Question 39.4: The Pole-in-the-Barn Paradox The twin paradox, discussed ear......

Conceptualize From your everyday experience, you would be surprised to see a 15-m pole fit inside a 10 -m barn, but we are becoming used to surprising results in relativistic situations.

Categorize The pole is in motion with respect to the ground observer so that the observer measures its length to be contracted, whereas the stationary barn has a proper length of 10 \mathrm{~m}. We categorize this example as a length contraction problem.

Analyze Use Equation 39.9

L=\frac{L_p}{\gamma}=L_p \sqrt{1-\frac{v^{2}}{c^{2}}}  (39.9)
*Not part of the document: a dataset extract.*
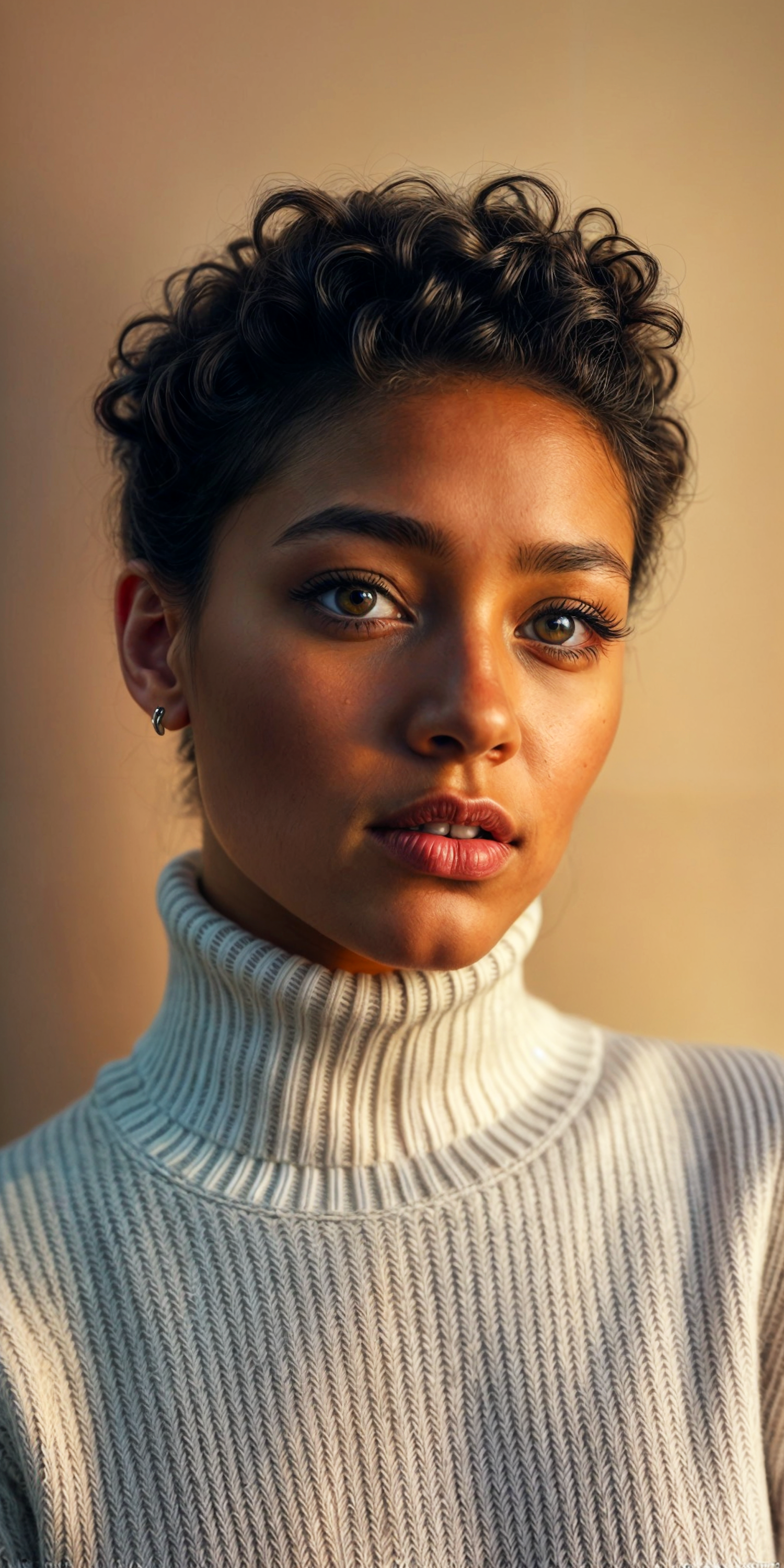 Portrait of a young woman with curly hair and hazel eyes in a white turtleneck, captured in soft lighting for a serene look.

to find the contracted length of the pole according to the ground observer:

L_{\text {pole }}=L_{p} \sqrt{1-\frac{v^{2}}{c^{2}}}=(15 \mathrm{~m}) \sqrt{1-(0.75)^{2}}=9.9 \mathrm{~m}

Therefore, the ground observer measures the pole to be slightly shorter than the barn and there is no problem with momentarily capturing the pole inside it. The “paradox” arises when we consider the runner’s point of view.

Use Equation 39.9 to find the contracted length of the barn according to the running observer:

L_{\text {barn }}=L_{p} \sqrt{1-\frac{v^{2}}{c^{2}}}=(10 \mathrm{~m}) \sqrt{1-(0.75)^{2}}=6.6 \mathrm{~m}

Because the pole is in the rest frame of the runner, the runner measures it to have its proper length of 15 \mathrm{~m}. Now the situation looks even worse: how can a 15-m pole fit inside a 6.6-m barn? Although this question is the classic one that is often asked, it is not the question we have asked because it is not the important one. We asked, “Does the runner make it safely through the barn?”

The resolution of the “paradox” lies in the relativity of simultaneity. The closing of the two doors is measured to be simultaneous by the ground observer. Because the doors are at different positions, however, they do not close simultaneously as measured by the runner. The rear door closes and then opens first, allowing the leading end of the pole to exit. The front door of the barn does not close until the trailing end of the pole passes by.

We can analyze this “paradox” using a space-time graph. Figure 39.12 \mathrm{a} is a space-time graph from the ground observer’s point of view. We choose x=0 as the position of the front doorway of the barn and t=0 as the instant at which the leading end of the pole is located at the front doorway of the barn. The world-lines for the two doorways of the barn are separated by 10 \mathrm{~m} and are vertical because the barn is not moving relative to this observer. For the pole, we follow two tilted worldlines, one for each end of the moving pole. These world-lines are 9.9 \mathrm{~m} apart horizontally, which is the contracted length seen by the ground observer. As seen in Figure 39.12a, the pole is entirely within the barn at some time. Figure 39.12 \mathrm{~b} shows the space-time graph according to the runner. Here, the world-lines for the pole are separated by 15 \mathrm{~m} and are vertical because the pole is at rest in the runner’s frame of reference. The barn is hurtling toward the runner, so the world-lines for the front and rear doorways of the barn are tilted to the left. The world-lines for the barn are separated by 6.6 \mathrm{~m}, the contracted length as seen by the runner. The leading end of the pole leaves the rear doorway of the barn long before the trailing end of the pole enters the barn. Therefore, the opening of the rear door occurs before the closing of the front door.

From the ground observer’s point of view, use the particle under constant velocity model to find the time after t=0 at which the trailing end of the pole enters the barn:

(1) t=\frac{\Delta x}{v}=\frac{9.9 \mathrm{~m}}{0.75 c}=\frac{13.2 \mathrm{~m}}{c}

From the runner’s point of view, use the particle under constant velocity model to find the time at which the leading end of the pole leaves the barn:

(2) t=\frac{\Delta x}{v}=\frac{6.6 \mathrm{~m}}{0.75 c}=\frac{8.8 \mathrm{~m}}{c}

Find the time at which the trailing end of the pole enters the front door of the barn:

(3) t=\frac{\Delta x}{v}=\frac{15 \mathrm{~m}}{0.75 c}=\frac{20 \mathrm{~m}}{c}

Finalize From Equation (1), the pole should be completely inside the barn at a time corresponding to c t=13.2 m. This situation is consistent with the point on the c t axis in Figure 39.12 \mathrm{a} where the pole is inside the barn. From Equation (2), the leading end of the pole leaves the barn at c t=8.8 \mathrm{~m}. This situation is consistent with the point on the c t axis in Figure 39.12 \mathrm{~b} where the rear doorway of the barn arrives at the leading end of the pole. Equation (3) gives c t=20 m, which agrees with the instant shown in Figure 39.12 \mathrm{~b} at which the front doorway of the barn arrives at the trailing end of the pole.